Once GPUs arrived, the ability to do latency-critical management of the device state became important and the register management moved into the kernel. But for traditional framebuffers the device setup was for the most part done once, and there's no particular need for that to be managed outside userspace.

Also for a long time there was no need to do any kind of fine-grained synchronisation with the graphics hardware apart from usual IO wait states and tha whole thing could be accessed as few memory mappings without any kind of interrupt handling (even to the extent of Sun's proprietary UPA slot not even supporting interrupts in it's low-cost graphics-only incarnation).
From what I know, the reason they moved device setup to the kernel was to avoid flickering when the system switches from the boot screen to the login manager.
There were a bunch of reasons.

One important one is that accessing the PCI config space via IO ports 0xCF8/0xCFC is racy with the kernel, since a read or write requires writing the BDF address to 0xCF8, and then reading/writing the data from 0xCFC. If the kernel tries to do this dance while the X server is doing it as well one of them is going to read or write the wrong address.

Interestingly, this design required in the X server to run under binary translation in VMware's monitor, even though it was userspace code, because it had to elevate its IOPL to be able to read/write the IO ports.

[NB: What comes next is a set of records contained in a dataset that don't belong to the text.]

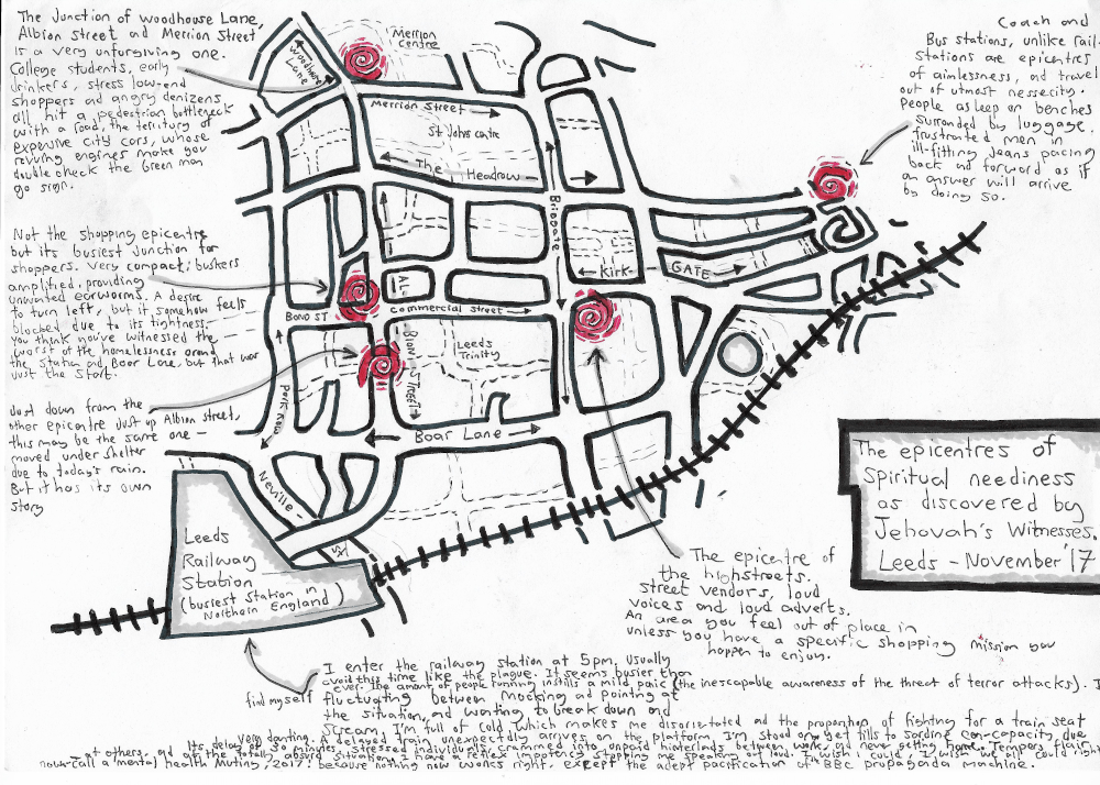 The week before Jan 22 these placards were placed around specific areas in Leeds city centre. I chose the places the Jehovah’s Witnesses usually have their stands on a weekday; speculating that they had located the areas within each city which are the epicentres of spiritual neediness, the places where the most negative emotions prevalent in late capitalist life are felt on the street.
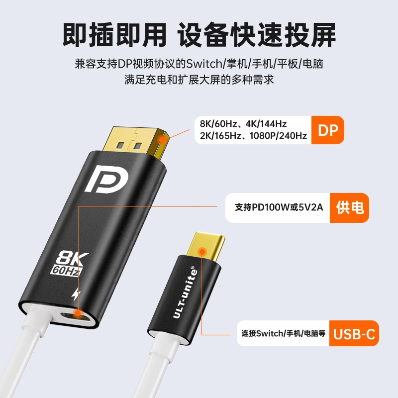 | nameOriginal | Excellent typec to dp cable with power supply 8K60Hz high-definition 4K240 connector 1.2 conversion displayport1.4 Thunderbolt 4/3 laptop usbc external display extension |
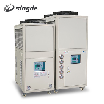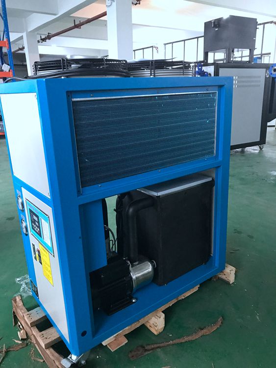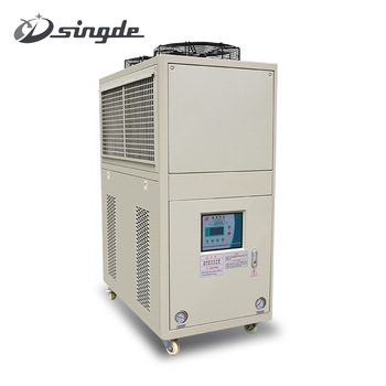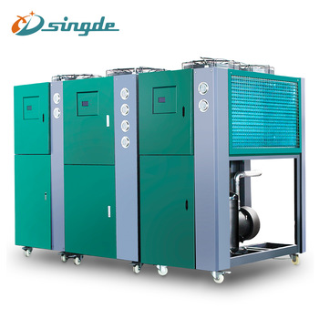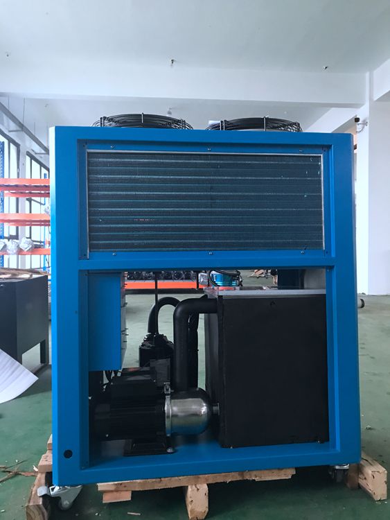风冷式冷水机是冷水机型号之一,将常温的水通过冷水机的压缩机制冷到一定的温度以强化冷却模具或机器,作为单机使用,散热装置为内置之风扇,主要有三个相互联系的系统:制冷剂循环系统、水循环系统、电器自控系统。
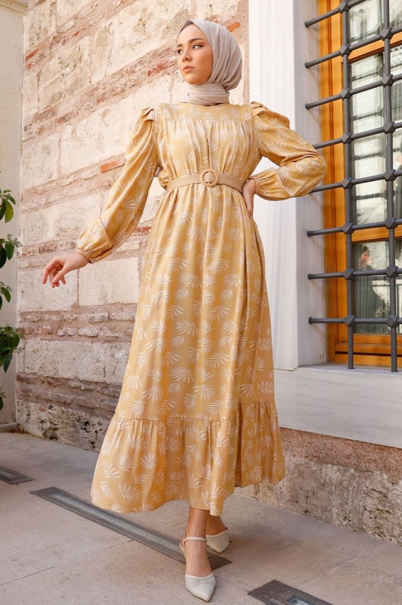In Style Hardal Yaprak Desen Jakarlı Elbise

CSRSS.EXE in windows also ran in BT, since it too was driving the graphics card before NT4. After NT4 moved the graphics code into the kernel, no one remembered to take out the IOPL elevation code, so at least until XP (and probably later) CSRSS.EXE runs with elevated privileges that it didn't need.

Csrss.exe is the userspace part of the win32 personality. It controls all win32 processes, which on a Windows system is just about every process.

It is not very useful to limit its privileges.

After the graphics driver moved out of it and into the kernel, it probably no longer needs the ability to turn off interrupts and read and write legacy IO ports.
Yes. Most of the interesting parts of modern graphics drivers are loaded into the X client process these days, anyway. Whoever wants to render something talks directly to a thin kernel interface with the X server out of the way except for some high level management stuff.
It's far more than that in the end, but yes: mode switching is a spot where you need whole-system management of the resources. The XFree86 binary couldn't easily make assumptions about what someone else was doing.
It may be equal parts GPL avoidance. Broadcom switch ASIC PDKs are a kind of hybrid kernel and userland application with no legacy reason, so I assume it is just arbitrarily about working around a restrictive license.
For those who are confused, this is not Apple's IOS, but Cisco's OS that was once (not sure about now) called IOS.
Still called IOS (well, there's also IOS-XE, IOS-XR, NX-OS... but that's a different story). Why would they change the name?
True, because Apples OS is called iOS.